Keywords: Pituitary adenoma; artificial intelligence; machinelearning; magnetic resonance imaging; radiomics

Year: 2022 PMID： 35306784 PMCID： PMC8939455 DOI： 10.4274/MMJ.galenos.2022.58538

Source DB: PubMed Journal: Medeni Med J ISSN： 2149-4606

INTRODUCTION

Pituitary adenoma is the second most common primary central nervous system tumor and constitutes approximately 14% of intracranial masses[1,2,3]. Pituitary adenomas are classified according to their size as microadenoma (<1 cm), macroadenoma (≥1 cm) and giant adenoma (>4 cm). Additionally, 54-62% of pituitary adenomas are active hormone secreting tumors [growth hormone-secreting adenomas (GHSA), prolactinomas, adrenocorticotropic hormone-secreting adenomas (ACTHSA), pluri-hormonal adenomas (PHA), follicle-stimulating hormone and luteinizing hormone-secreting adenomas (FSH&LHSA), and thyroid-stimulating hormone adenomas (TSHA)], and 38-46% of them are non-functioning[4,5,6]. However, it is possible to determine the hormone secretion profile by using plasma hormone concentrations. Currently, due to increasing use of radiological imaging, many pituitary adenomas are detected incidentally[7]. For these tumors, it may be possible to estimate the hormone secretion profile at the time of imaging by exploiting the heterogeneity[8]. Radiomics is a quantitative approach that extracts many image features from medical images and allows the development of diagnostic tools[8]. The success of this approach in determining tumor subtypes has been studied and confirmed in some other tumors[9,10]. In addition, in a limited number of recent studies, a model based on radiomics features was developed to predict tumor consistency in patients with pituitary adenoma[11,12,13,14,15]. In prior radiomics studies, the stability of the radiomics feature was only evaluated at the level of interrater agreement with the intraclass correlation coefficient[11]. Therefore, this approach may be inadequate to detect stability of radiomics feature. However, the recent statement offered that stable features also should have high precision and accuracy[16]. Therefore, creating diagnostic models based on stable radiomics features may positively affect reproducibility, precision, and accuracy. This study aims to develop neural networks to detect hormone secretion profiles in the pituitary adenomas based on T2 weighted magnetic resonance imaging (MRI) radiomics.

MATERIALS and METHODS

Ethical Considerations

This retrospective model-development study was done after it was approved by the Istanbul Medeniyet University Goztepe Prof. Dr. Suleyman Yalcin Training and Research Hospital Clinical Research Ethics Committee (decision no: 2020/0304, date: 05.18.2020), and written informed consent was waived. The STARD 2015 statement was followed to document the study, and white papers and statements of multiple societies were followed[17,18,19,20,21]. This study was scored (18/36) with a radiomics quality score[17].

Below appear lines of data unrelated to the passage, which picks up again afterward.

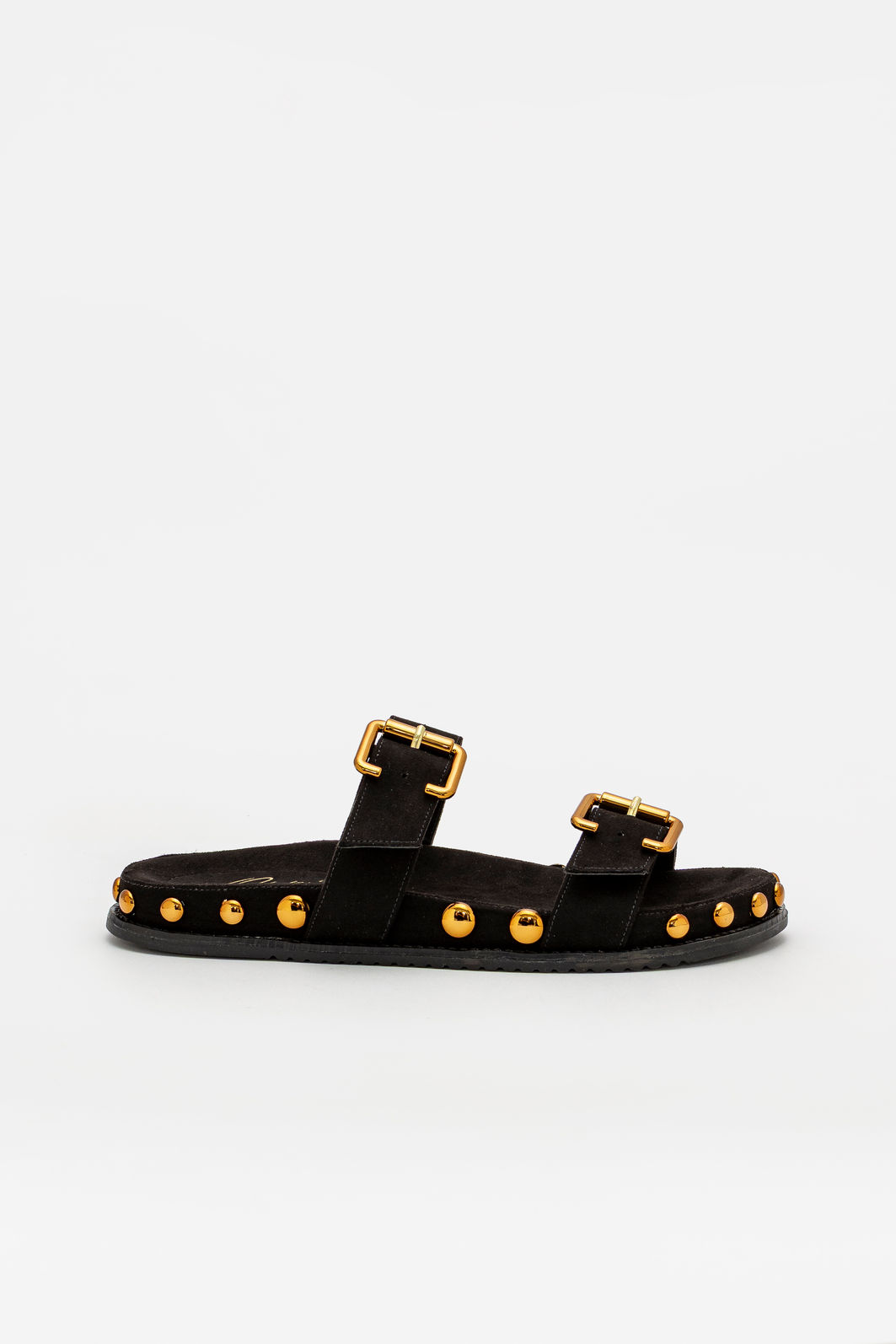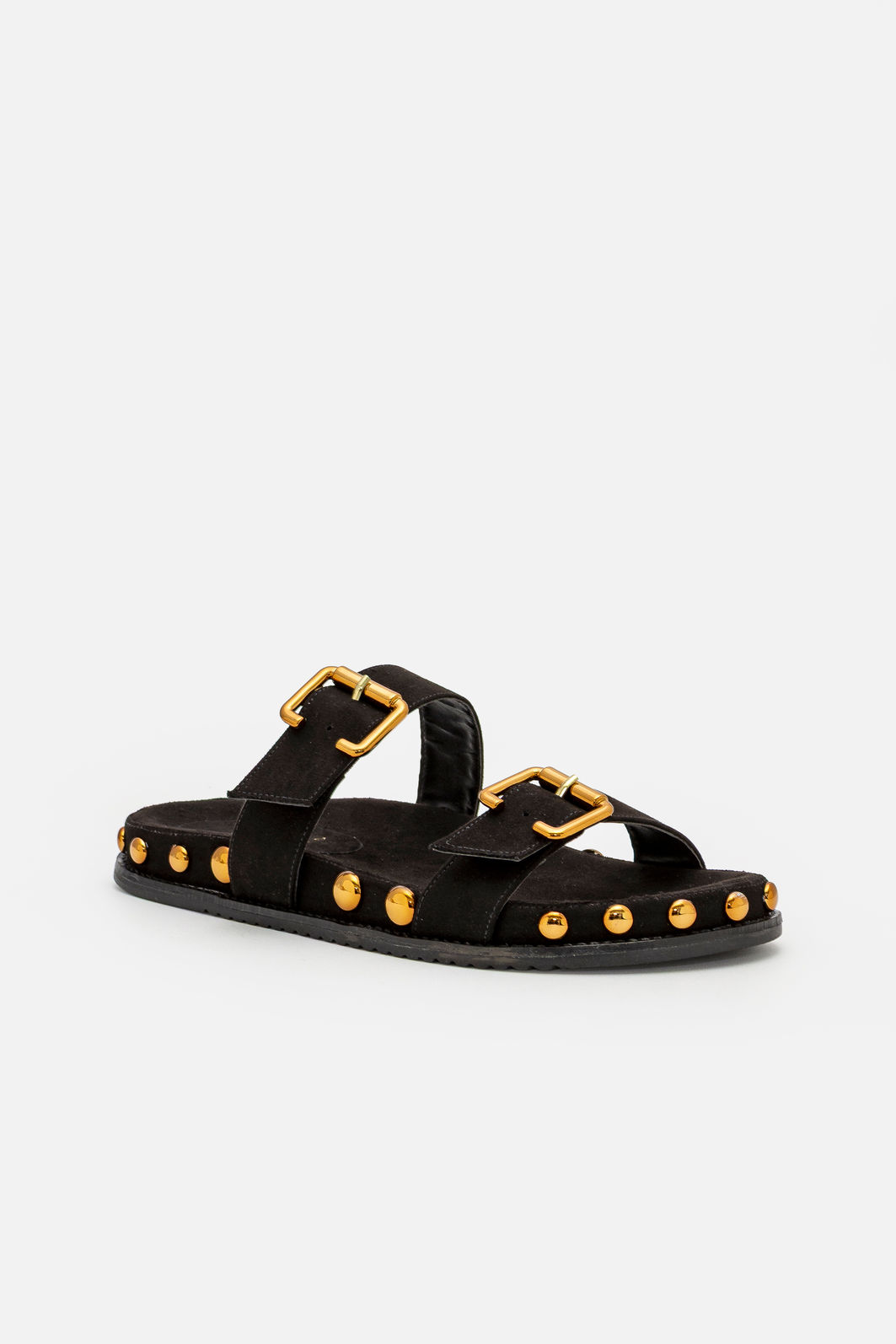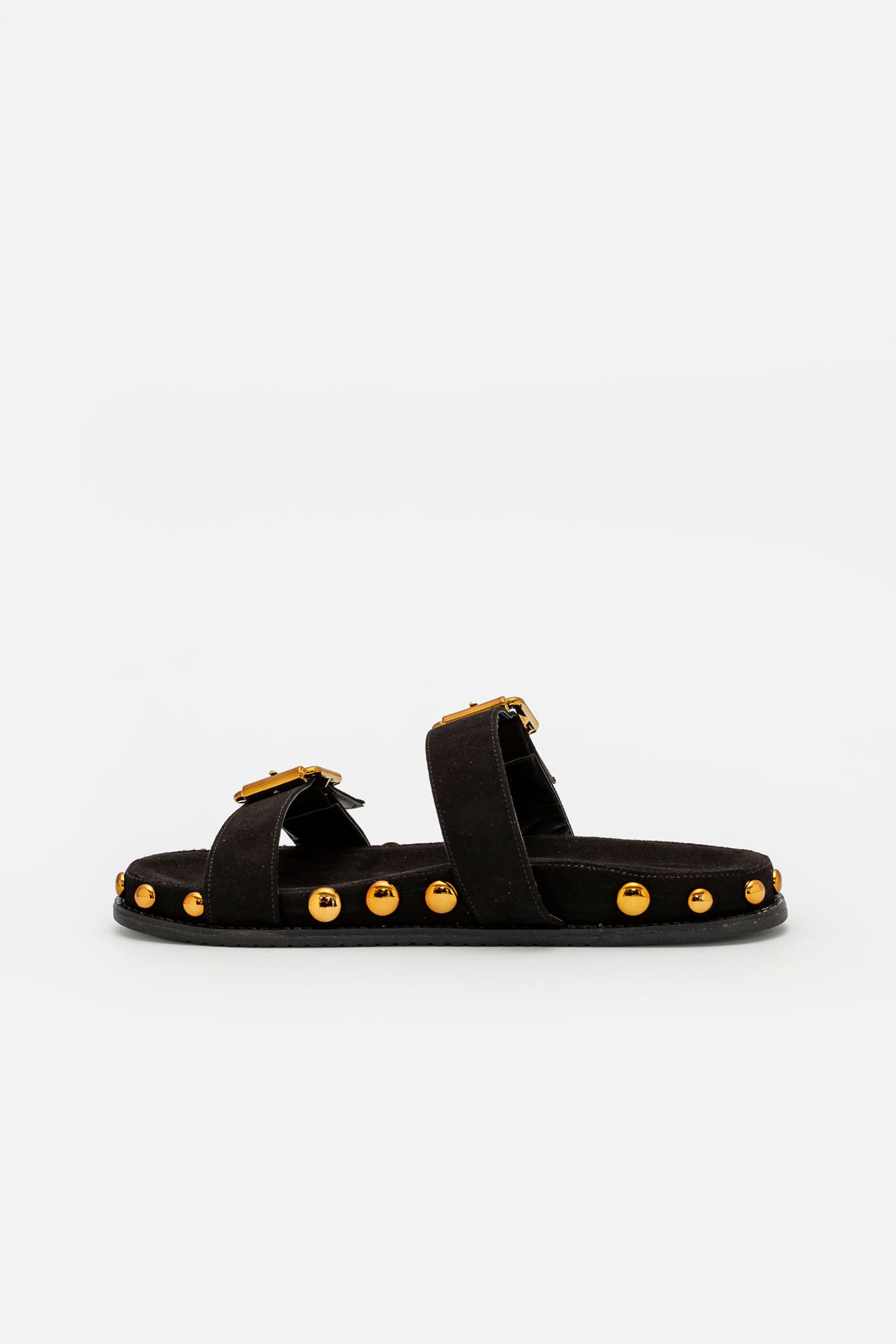Com estética contemporânea e atitude marcante, esta papete preta é a escolha ideal para quem valoriza estilo com praticidade. As tiras largas estruturam o visual com personalidade, enquanto as fivelas metálicas trazem um toque urbano sofisticado e permitem ajuste preciso aos pés.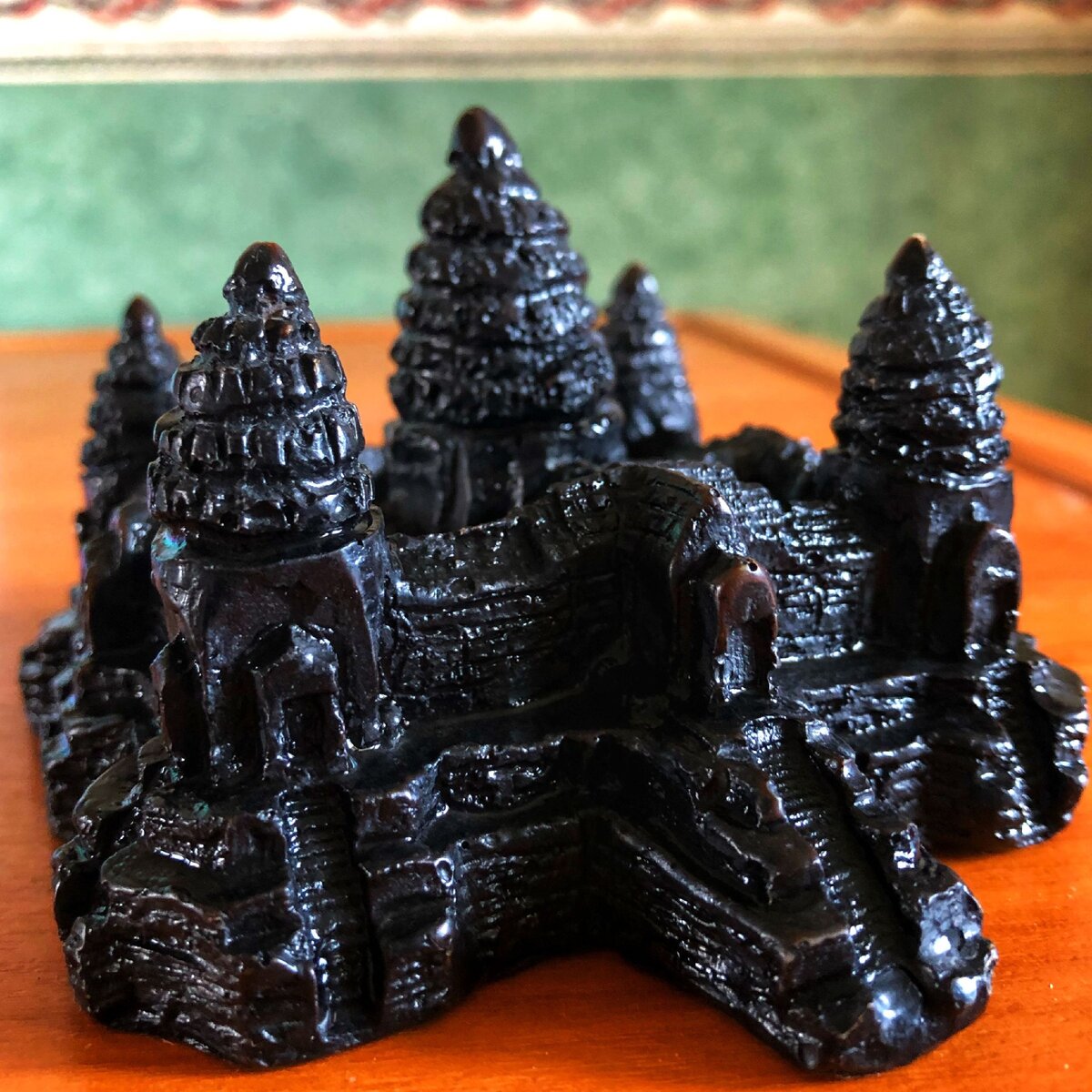 Макет знаменитого храма Ангкор Ват является самым распространенным камбоджийским сувениром. Ангкор Ват, построенный в первой половине XII века, — гигантский индуистский храмовый комплекс в Камбодже, посвящённый богу Вишну. Храм является одним из крупнейших из когда-либо созданных человеком культовых сооружений и одним из важнейших археологических памятников мира. Его размеры действительно впечатляют - храм окружен прямоугольной стеной размером 1,5×1,3 км, а высота его башен достигает 68 м. Наряду с афинским Парфеноном и индийским Тадж-Махалом Ангкор-Ват относится к самым посещаемым архитектурным монументам планеты – его ежегодно посещают свыше 2 миллионов туристов. Не случайно Ангкор Ват изображён на государственном флаге и гербе Камбоджи. В XV веке комплекс перестал использоваться и был заброшен. Открыт для европейской цивилизации он был лишь в 1860 году французским путешественником Анри Муо. Рядом с комплексом расположен город Сием Рип (Реап). Там есть небольшой аэропорт ку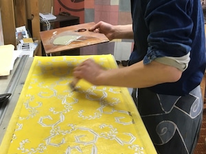 型防染という型紙を使って糊を引いて、染めあげる染色技法。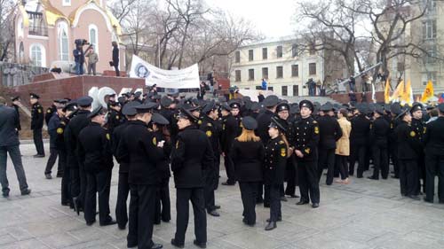С самого начала бросилось в глаза количество молодых людей в форме из Морского Государственного Университета, а также обилие знамён политических сил. И это при том, что, по словам организаторов, политического оттенка мероприятие не несло.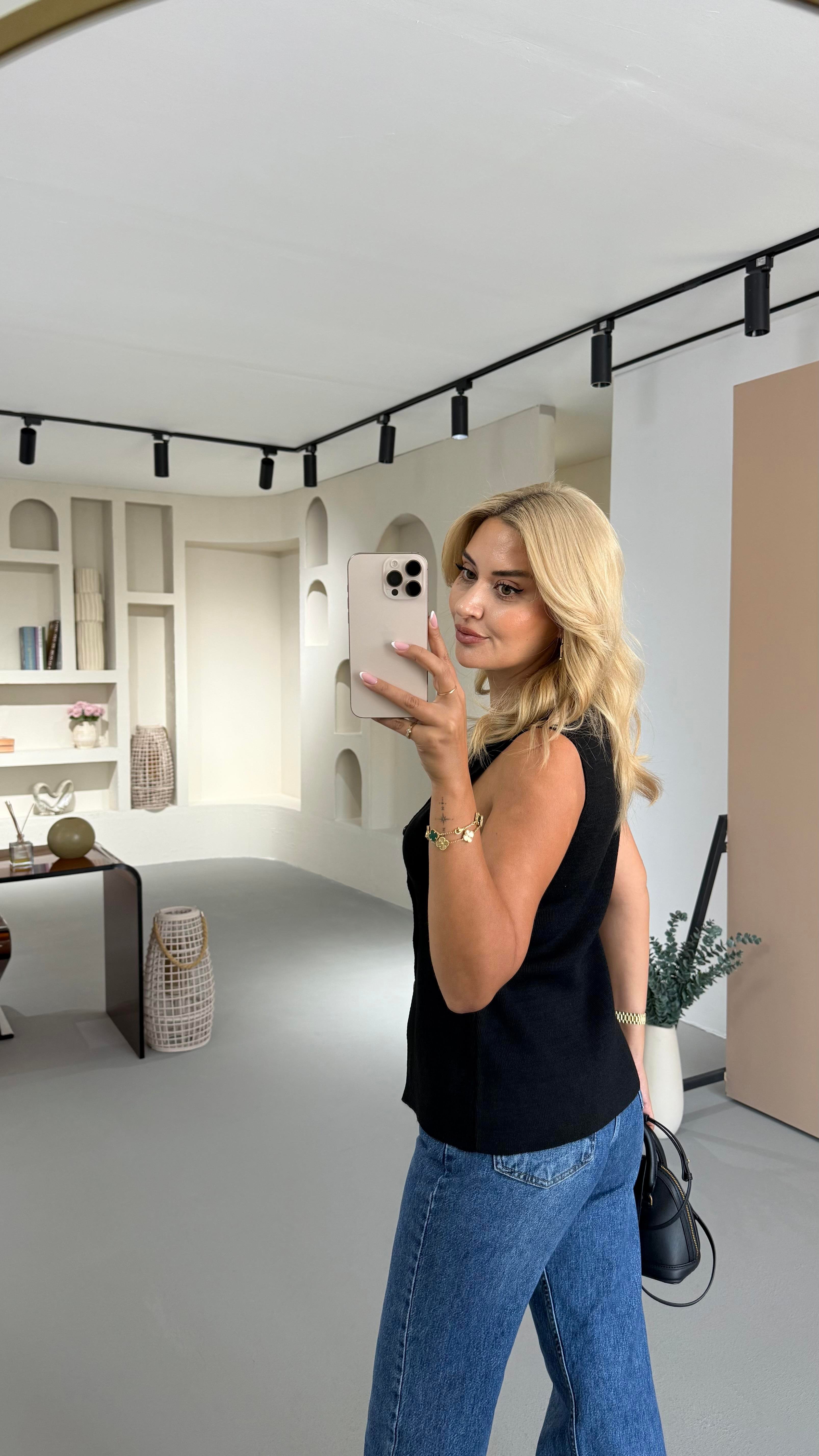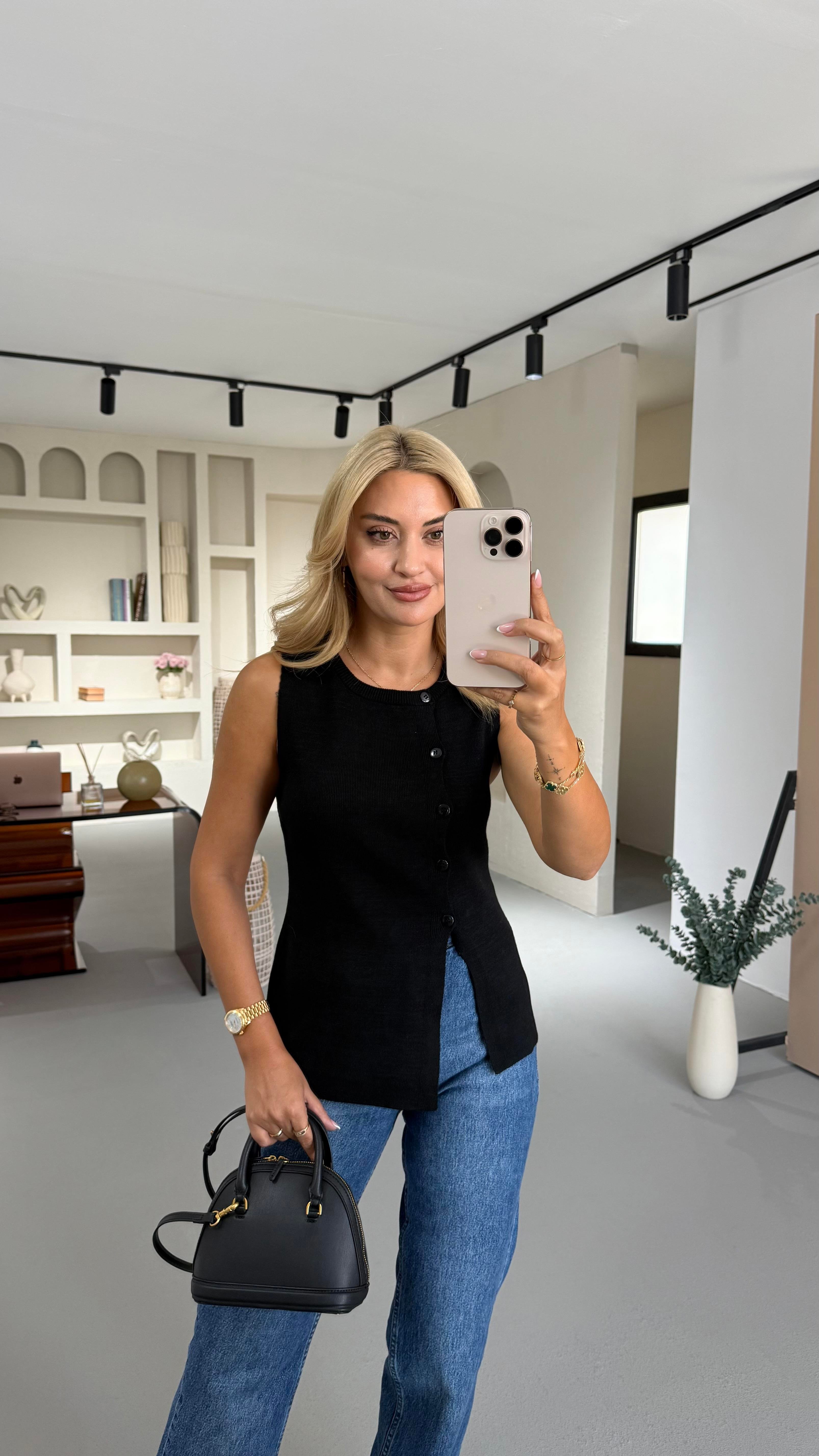 Yandan Düğmeli Siyah Çelik Triko Yelek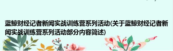 蓝鲸财经记者新闻实战训练营系列活动(关于蓝鲸财经记者新闻实战训练营系列活动部分内容简述)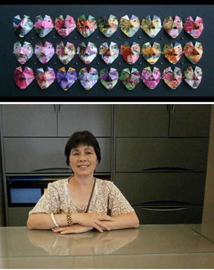 EL CERRITO, Bắc California – Trịnh Nga có được biệt danh là “Nữ Hoàng Tái Chế” không phải bởi vì cô biết rành những loại đồ nhựa nào phải được để vào trong thứ thùng nào, mặc dù việc này cô quá thạo. Nhưng đúng ra là vì trong 13 năm làm việc tại Thư Viện Công Cộng Berkeley, cô đã nhìn thấy một cơ hội để góp phần vào việc tạo ra các tác phẩm nghệ thuật xếp giấy origami của mình: những chất liệu bị hư và bị bỏ của thư viện này. Nhưng đối với cô Nga, một người cư ngụ tại El Cerrito, đó là không phải chỉ là chuyện cô tiếp cận được với nhưng tập giấy danh mục đã cũ, để bẻ, gấp và tại ra những dáng hình, mà còn nhiều hơn nữa: đó cũng chính là thông điệp của cô gởi tới các nghệ sĩ khác .

Study Population and Data Collection

This model-development study was carried out in a single tertiary-care center. From the patients documented between January 2015 to January 2020, 130 patients who met the inclusion criteria were included in the study. Inclusion criteria were determined as compliance with the following criteria: 1. The MRI, including T2W sequences, of the patient must be present. 2. Image quality should be sufficient to allow segmentation. Patients diagnosed in our center, but whose imaging was performed in another center were excluded. The MRI protocol is described in Table 1.

Table 1

Magnetic resonance imaging protocol for pituitary gland used in the study.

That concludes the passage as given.